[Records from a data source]
============================================================

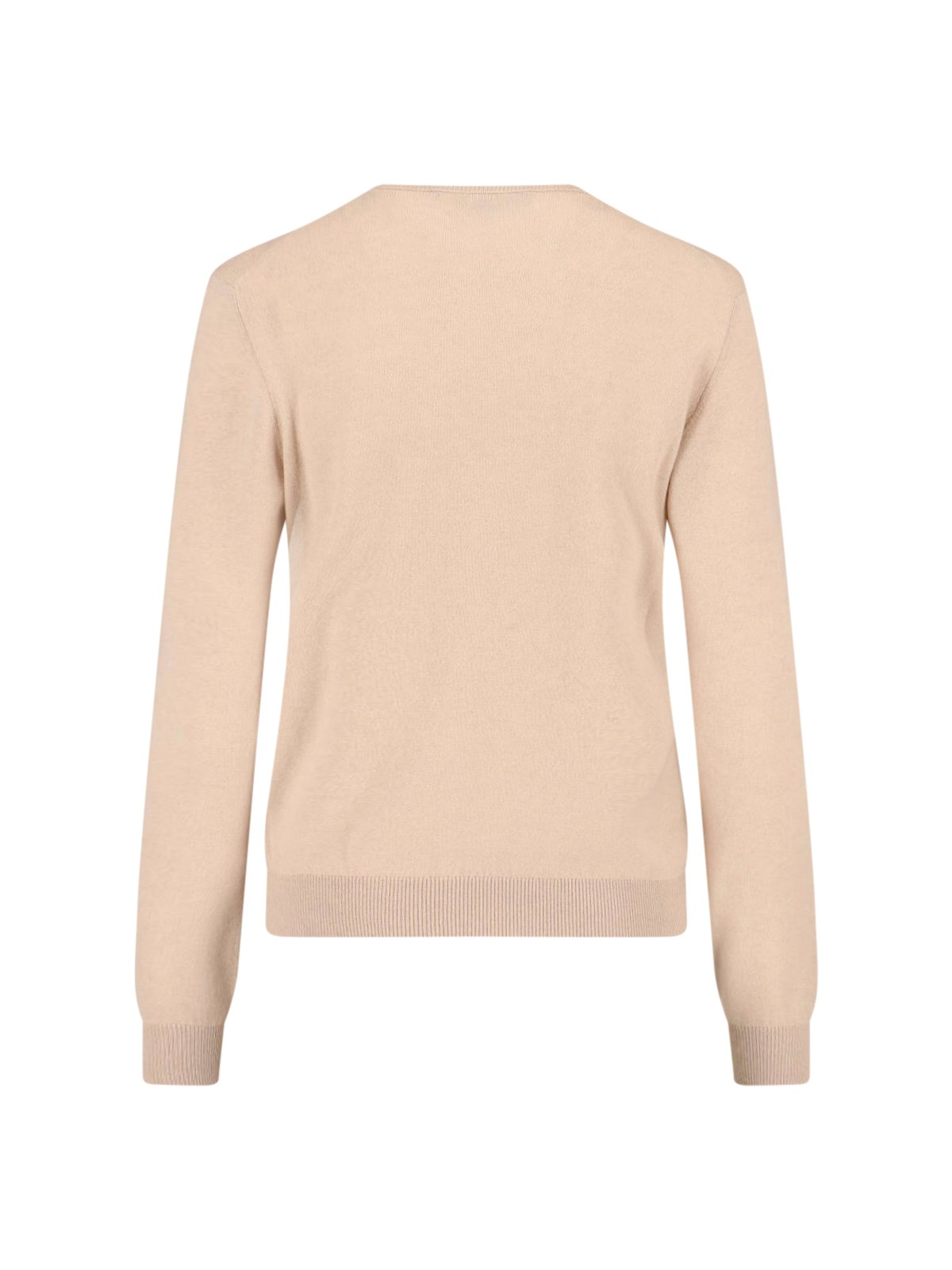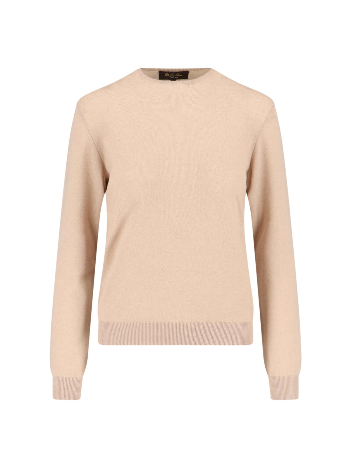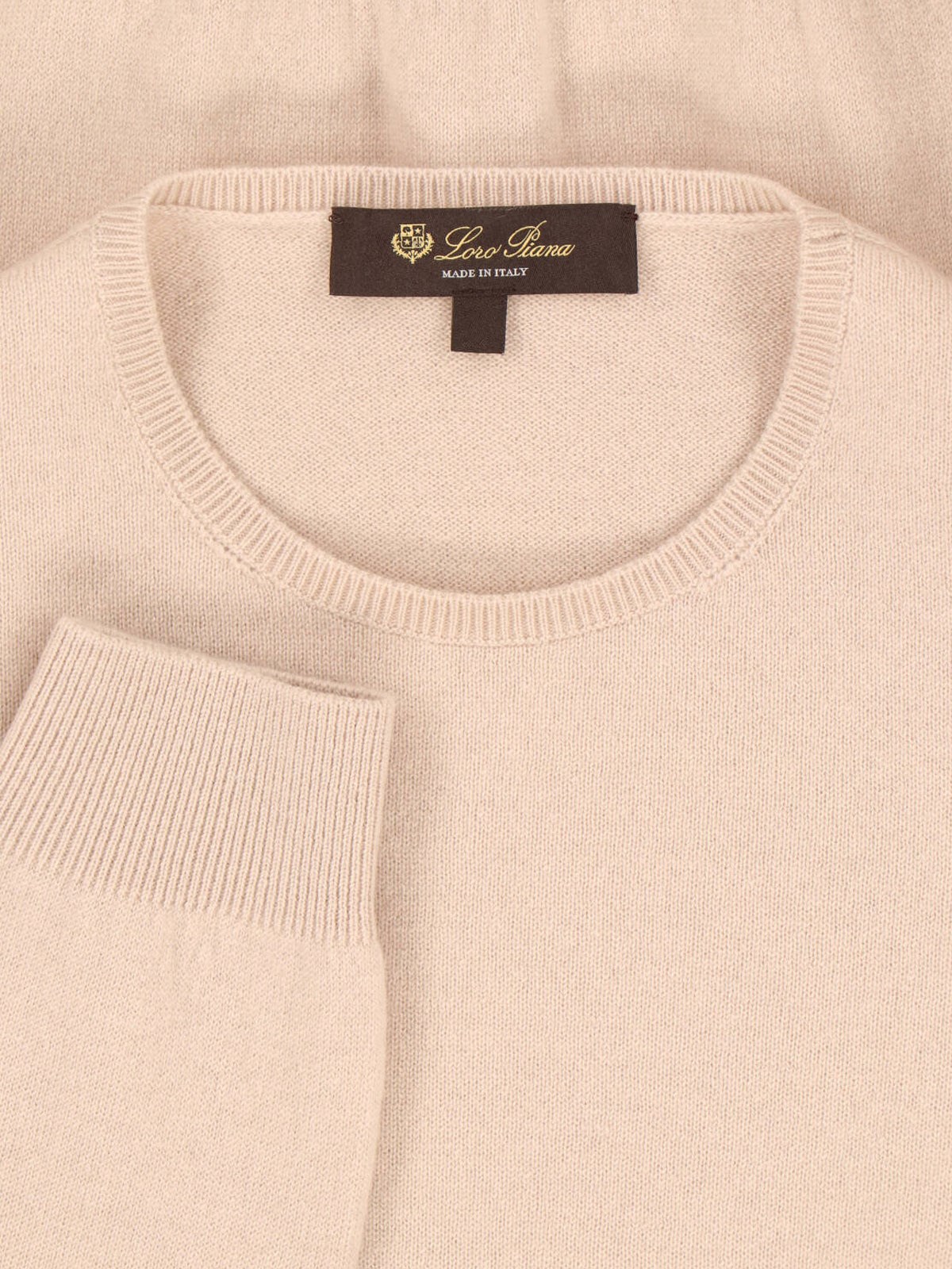 Loro Piana beige cashmere sweater with ribbed crew neck, long sleeves, ribbed stretch trim, straight hem.
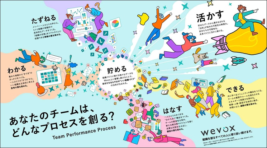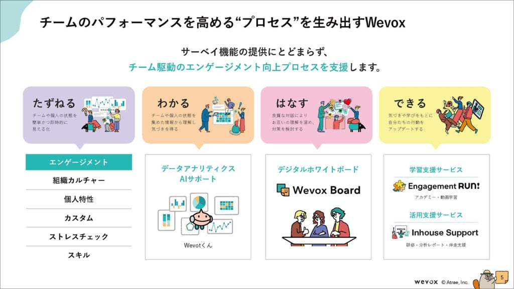 そのほか、エンゲージメントをどう高めていくかについて、これは学校で習うものではないですし、体系的に学べるツールがあったとしても自分たちの結果と連動させて学べる場がないので、Wevox上で学習できる機能や学び合えるコミュニティを運営しており、それらをWevox内に内包して「チームサクセスプラットフォーム」と呼んでいます。
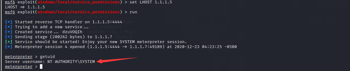 msf6 exploit(windows/local/service_permissions) > set LHOST 1.1.1.5
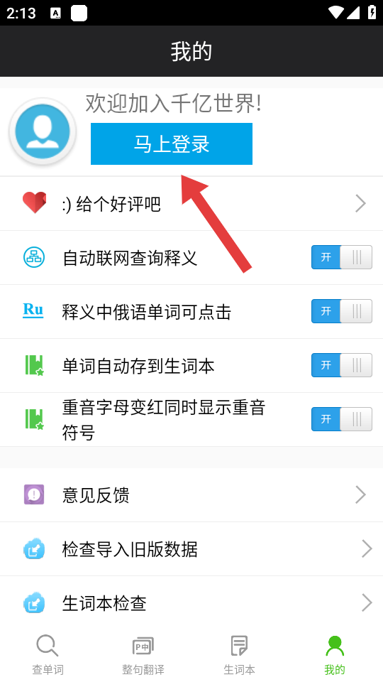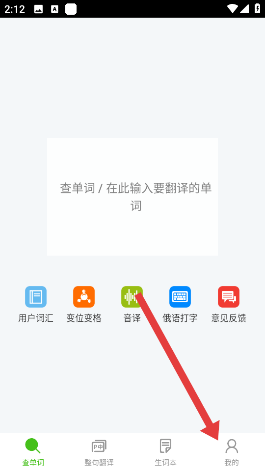 1、打開千億詞霸俄語詞典APP,點擊主界面右下角的我的選項,進入個人中心頁面。
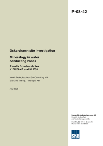 Oskarshamn site investigation. Mineralogy in water conducting zones. Results from boreholes KLX07A+B and KLX08
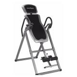 Exerpeutic Inversion Table with Comfort Foam Backrest. Sturdy, multi-angle, user-height adjustable inversion table with soft foam padded backrest Heavy duty 1.5-inch square steel frame with 300-pound weight capacity Extra-long, full loop safety handle bars and adjustable tether strap for safe and easy inversion adjustment and return to upright Foam rollers and ankle cushions hold ankles safely and comfortably; easy pull pin release Height adjustable for users from 4 feet, 10 inches to 6 feet, 6 inches tall. Item is in retail packaging. Retail $94.22 |
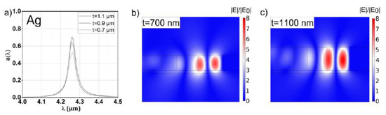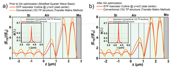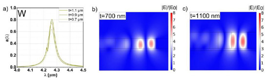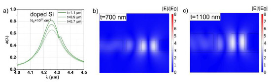 - Puhringer, G.; Jakoby, B. Modeling of a CMOS-Compatible Slab Tamm Plasmon Absorber using N-Type Silicon. In Proceedings of the 2019 IEEE Sensors Applications Symposium (SAS), Montreal, QC, Canada, 27–30 October 2019. [Google Scholar]
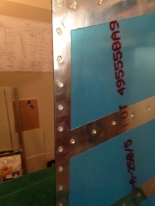 Well today was the big day to finish up the rudder trailing edge. The sealant was finally dry. I started by cleaning out any sealant from the dimples and using a razor blade to slice off any that had seeped out of the trailing edge. Then I used a back rivet set to partially set each rivet. Flipped it over and used a mushroom set to drive the rivets the rest of the way. All in all it was pretty straight but, a little bulgy. I checked on this and I think I set some of the rivets a little too tight
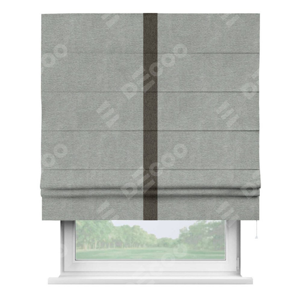 Римская штора производителя «Cortin», используется для проёма, пошита из ткани твид блэкаут светло-серый, артикул 21576. Отделка шторы кантом «Хайвэй», ткань для канта используется из твида разной расцветки на выбор. Имеет универсальный механизм и подходит для монтажа: на потолок, на стену и в нишу.

============================================================

__PROBLEM REQUIREMENTS__.
Once the line with "Oskarshamn site investigation." is found in the data above, reproduce it and each line after it exactly, through the line with "- Puhringer, G.;". Omit the pictures.

__YOUR SOLUTION__.
 Oskarshamn site investigation. Mineralogy in water conducting zones. Results from boreholes KLX07A+B and KLX08
 Exerpeutic Inversion Table with Comfort Foam Backrest. Sturdy, multi-angle, user-height adjustable inversion table with soft foam padded backrest Heavy duty 1.5-inch square steel frame with 300-pound weight capacity Extra-long, full loop safety handle bars and adjustable tether strap for safe and easy inversion adjustment and return to upright Foam rollers and ankle cushions hold ankles safely and comfortably; easy pull pin release Height adjustable for users from 4 feet, 10 inches to 6 feet, 6 inches tall. Item is in retail packaging. Retail $94.22 |
 - Puhringer, G.; Jakoby, B. Modeling of a CMOS-Compatible Slab Tamm Plasmon Absorber using N-Type Silicon. In Proceedings of the 2019 IEEE Sensors Applications Symposium (SAS), Montreal, QC, Canada, 27–30 October 2019. [Google Scholar]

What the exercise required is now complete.